The parliamentary and governing agreement makes many commitments that will help to address poverty in Canberra, including a plan to review and increase funding for the community sector to account for increased population, demand, complexity of community needs and costs of service delivery. Our initiatives reflect extensive consultation with community sector organisations delivering essential services to people experiencing poverty in our community. Those services see the impacts of poverty every day and understand its root causes.

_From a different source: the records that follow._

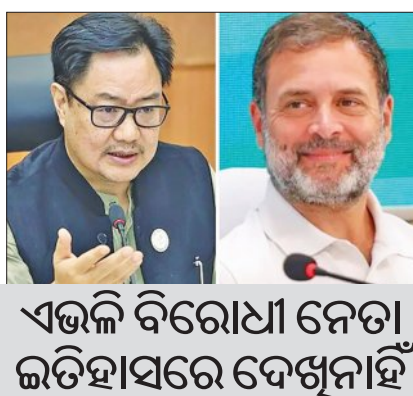
ଏଭଳି ବିରୋଧୀ ନେତା ଇତିହାସରେ ଦେଖିନାହିଁ

ଧିରେ ଧିରେ କଂଗ୍ରେସ ରାହୁଲଙ୍କ ଭଳି ହୋଇଗଲାଣି। ରାହୁଲଙ୍କ ପାଖରେ ଯିବ ରହୁଛନ୍ତି ସେ ବି ତାଙ୍କ ପରି ହୋଇଯାଇଛନ୍ତି। ସମର୍ଥକ ମଧ୍ୟ ତାଙ୍କୁ ଗମ୍ଭୀରତାର ସହ ନେଉନାହାନ୍ତି। କାରଣ ରାହୁଲ ଚିନ୍ତା ନ କରି କହିଆନ୍ତି। ଯଦି ପ୍ରଧାନମନ୍ତ୍ରୀ କାରଣ ରାହୁଲ କେହିଛନ୍ତି କିମ୍ବା କୌଣସି ଦଳର ଅଧିକାରୀ, ତେବେ ରାହୁଲ ତାହାକୁ ଉପହାସନ କରିବା କଥା। ସେ ବିନା ଆଧାରରେ ପ୍ରଧାନମନ୍ତ୍ରୀଙ୍କ ନାମ ନେଉଛନ୍ତି। ଲୋକସଭାରେ ରାହୁଲ ନିରର୍ଥକ ଟିପ୍ପଣୀ କରୁଥିଲେ। ବିରୋଧୀ ଦଳ ନେତା ନିମନ୍ତଠାରୁ ଉନ୍ନତ ନୁହେଁ ବୋଲି ସେ ଜାଣିବା ଉଚିତ। ପ୍ରଧାନମନ୍ତ୍ରୀ ଭାରତର ସ୍ୱର୍ଣ୍ଣ ପାଇଁ କାମ କରୁଛନ୍ତି। ଆମେରିକା ସହ ବାଣିଜ୍ୟ ବୃଦ୍ଧିରେ ତାହା, ଶ୍ରମିକ, ବୟନ ଶିଳ୍ପ କର୍ମଚାରୀ କିମ୍ବା କ୍ଷୁଦ୍ର ଉଦ୍ୟୋଗୀଙ୍କ କଥା ଚିନ୍ତା କରିବାର ଆବଶ୍ୟକତା ନାହିଁ। କାରଣ ପ୍ରଧାନମନ୍ତ୍ରୀ ସମସ୍ତଙ୍କ ଧ୍ୟାନ ରଖୁଛନ୍ତି। ମାତ୍ର ରାହୁଲ ନିଜ ବ୍ୟବସ୍ଥାରେ କାମ କରୁଥିବା ଦେଖାଯାଇଛି। ରିଜିଷ୍ଟ୍ରା ଦାବି କରିଛନ୍ତି ଯେ ଭାରତର ୧୫-୨୦% ଲେଭୁ ଲକ୍ଷ୍ୟବିହୀନ ରାଷ୍ଟ୍ରବାଦକୁ ବିରୋଧ କରୁଛି।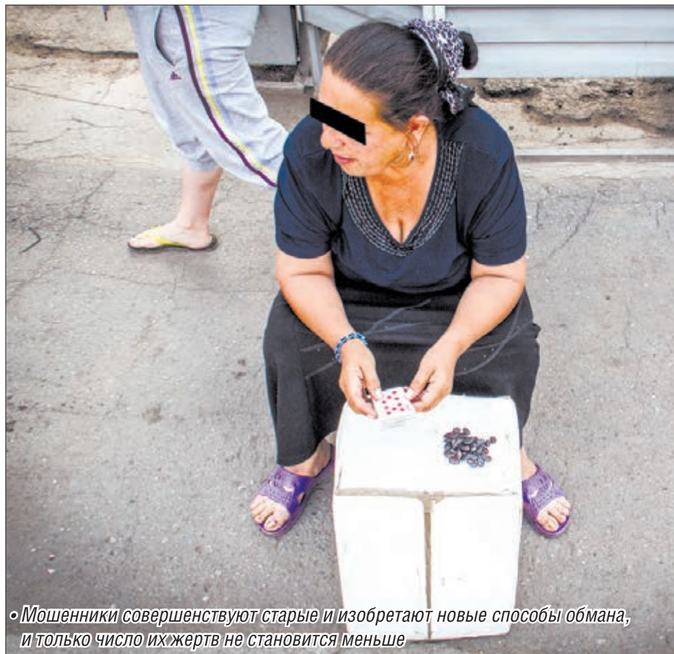
Мошенники совершенствуют старые и изобретают новые способы обмана, и только число их жертв не становится меньше

Пожилая жительница Магнитогорска была вынуждена обратиться в правоохрани-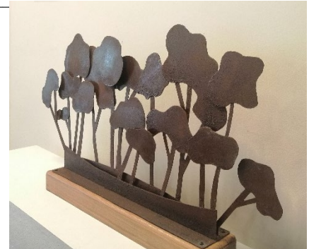
Jérôme Maligne, Arbres

en famille et en vacances à la découverte de l'exposition. Gratuit sur réservation*.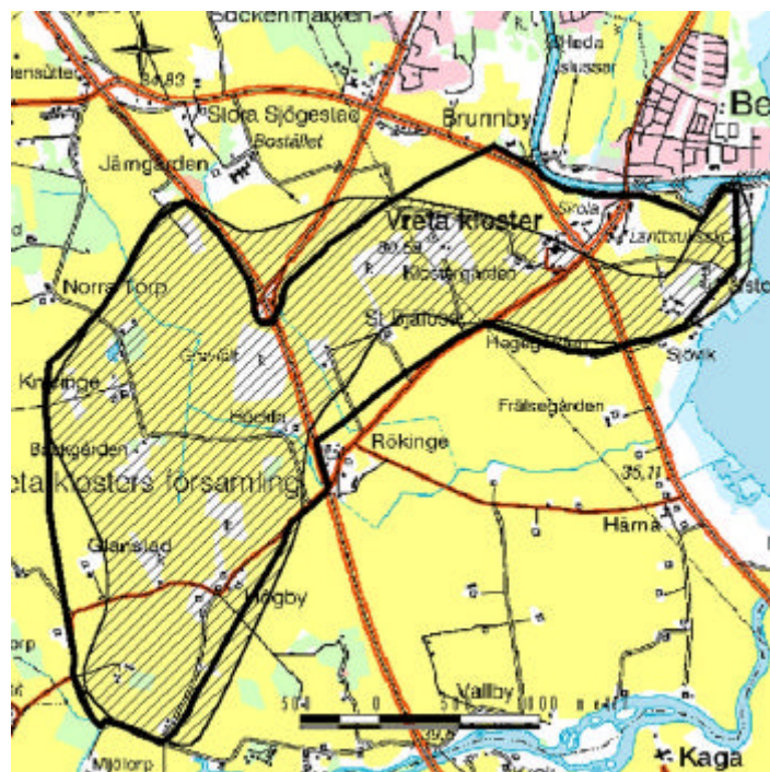
Skrafferad yta visar riksintresse för naturvården NE 51 Vreta kloster: Ur GSD-Ekonomiska kartan diarienummer 507-97-884.

Området sammanfaller i stora delar med riksintresse NE51 för naturvården. Det är ansamlingen av drumliner, de stäppartade torrängarna och det geologiskt intressanta skifferbrottet vid Knivinge som gör området till en mycket värdefull och skyddsvärd naturmiljö.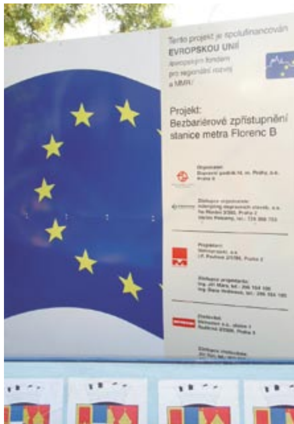
Znaková reklama výstavby novej stanice metra v Prahe, Česká republika.

26. – 27. novembra 2007 sa v Bruseli uskutočnila konferencia pod názvom „ Rozprávanie príbehu – Politika súdržnosti pre rast a zamestnanosť “, na tému informácií a propagácie štrukturálnych fondov. Jej cieľom je dosiahnuť účasť referentov pre komunikáciu zo všetkých operačných programov. Možno očakávať 400 až 500 účastníkov. Udalosť posluží ako otvorený trh na prezentáciu rôznych komunikačných prístupov a poskytne množstvo príležitostí na networking.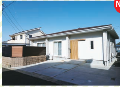
51-5 スムホーム お問い合わせ 095-842-0066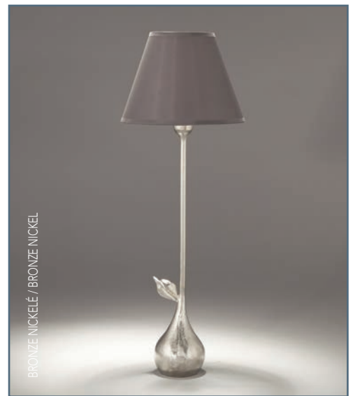
BRONZE NICKELÉ / BRONZE NICKEL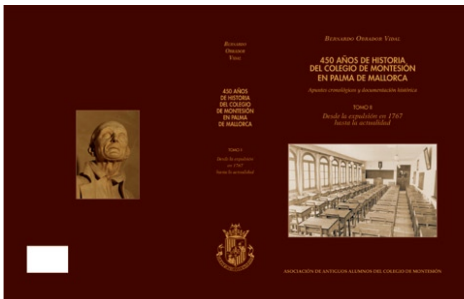
Tomo II. Desde la expulsión en 1767 hasta la actualidad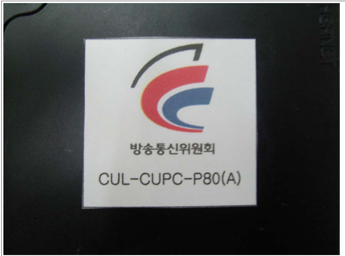
외부사진 - 라벨

Consultation has shaped our commitments in the parliamentary and governing agreement to increase emergency accommodation funding through OneLink; expand specialist homelessness service capacity; support the establishment of an Aboriginal and Torres Strait Islander-controlled community housing provider; deliver universal access to early learning for three-year-olds; ensure that ACT legislation can identify and effectively respond to modern-day slavery; amend the Residential Tenancies Act to end no-cause evictions; expand the number of properties that can access assistance under the affordable community housing land tax exemption pilot; and improve the extended care system for 18 to 21-year-olds in the out of home care system. I understand there are announcements to come about expanding bus services in the ACT, which will help deliver a more sustainable, less congested, more accessible Canberra.

These policies reflect the ACT government’s progress towards a nuanced understanding of the intersecting causes of poverty in the ACT, including the relationships between poverty and health, gender, violence, and issues affecting First Nations community members.

In opposing Ms Lee’s motion I seek to recognise the need to put into action the priorities we have already consulted on. The 1999 ACT Poverty Task Group was set up at a time when the extent of poverty in the ACT was not recognised or understood. Since then we have built stronger connections to services and organisations that serve the Canberra community. We also have access to incredibly robust, longitudinal data on poverty in the ACT.

If you would like an in-depth analysis of this data, please feel free to pop in to my office, where I can take you through the past 42 years of housing costs and labour force data, with a gendered lens. I have maps showing that the greatest concentrations of households living in poverty in the ACT are in Tuggeranong and west Belconnen, as well as some suburbs in the inner north, Woden and Weston Creek, and Gungahlin.